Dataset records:
########

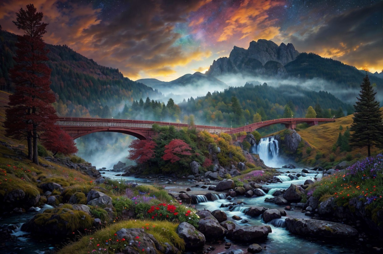 + Prompt:highland landscape in mountains, rocky road and stream, red and purple glorious sunset, burning fire and red sun, Conquest of Paradise, cosmic sky, nice waterfalls and a beautiful tree and path, bridge over river, some flower details by Gustav Klimt , elegant fantasy, intricate beautiful wallpaper colourful, Van Gogh
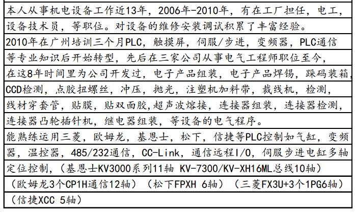 本人常住東莞承接東莞,深圳,惠州等區域的電氣程序設計。
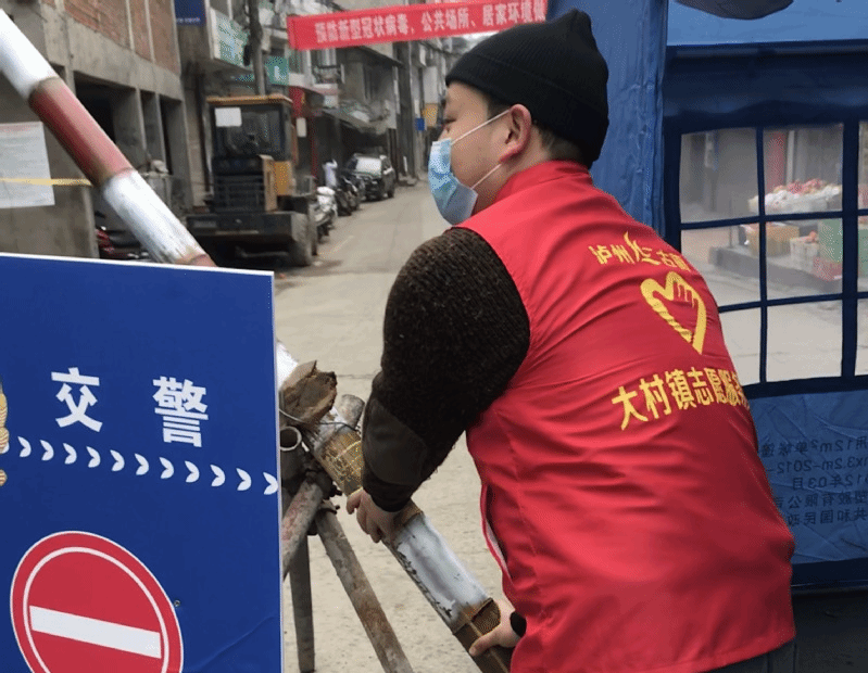张德勇,资阳当志愿者,疫情防范宣传、小区外来人员、车辆登记、体温测量。
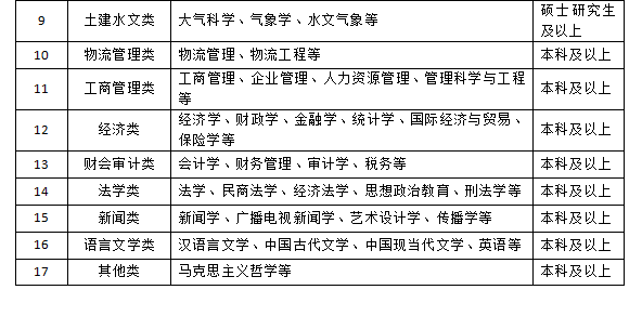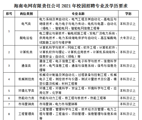 招聘专业:电气类、计算机类、通信类、机械测控类、环境化学类、热能动力类、市场营销类、工程管理类、土建水文类、勘测类、物流管理类、工商管理类、公共管理类、经济类、财会审计类、法学类、新闻类、语言文学等专业。
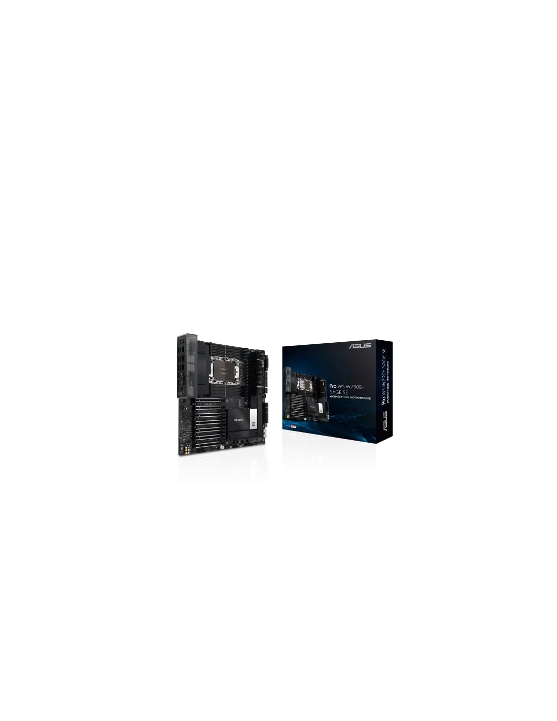 ASUS PRO WS W790E-SAGE SE. Fabricante de procesador: Intel, Socket de procesador: LGA 4677, Procesador compatible: Intel® Xeon® W. tipos de memoria compatibles: DDR5-SDRAM, Memoria interna máxima: 2,05 TB, Tipo de ranuras de memoria: DIMM. Interfaces de disco de almacenamiento soportados: SlimSAS, M.2, SATA III, Tipos de unidades de almacenamiento admitidas: HDD & SSD, Niveles RAID: 0, 1, 5, 10. Tipo de interfaz ethernet: 10 Gigabit Ethernet, Gigabit Ethernet. Componente para: Puesto de trabajo, Factor de forma: EEB, Familia del chipset: Intel

########

▶ Requirement
Omitting all pictures, retype exactly the lines from the line containing "招聘专业:电气类、计算机类、" down to the last line above, both ends included.

▶ Response to this exercise
 招聘专业:电气类、计算机类、通信类、机械测控类、环境化学类、热能动力类、市场营销类、工程管理类、土建水文类、勘测类、物流管理类、工商管理类、公共管理类、经济类、财会审计类、法学类、新闻类、语言文学等专业。
 ASUS PRO WS W790E-SAGE SE. Fabricante de procesador: Intel, Socket de procesador: LGA 4677, Procesador compatible: Intel® Xeon® W. tipos de memoria compatibles: DDR5-SDRAM, Memoria interna máxima: 2,05 TB, Tipo de ranuras de memoria: DIMM. Interfaces de disco de almacenamiento soportados: SlimSAS, M.2, SATA III, Tipos de unidades de almacenamiento admitidas: HDD & SSD, Niveles RAID: 0, 1, 5, 10. Tipo de interfaz ethernet: 10 Gigabit Ethernet, Gigabit Ethernet. Componente para: Puesto de trabajo, Factor de forma: EEB, Familia del chipset: Intel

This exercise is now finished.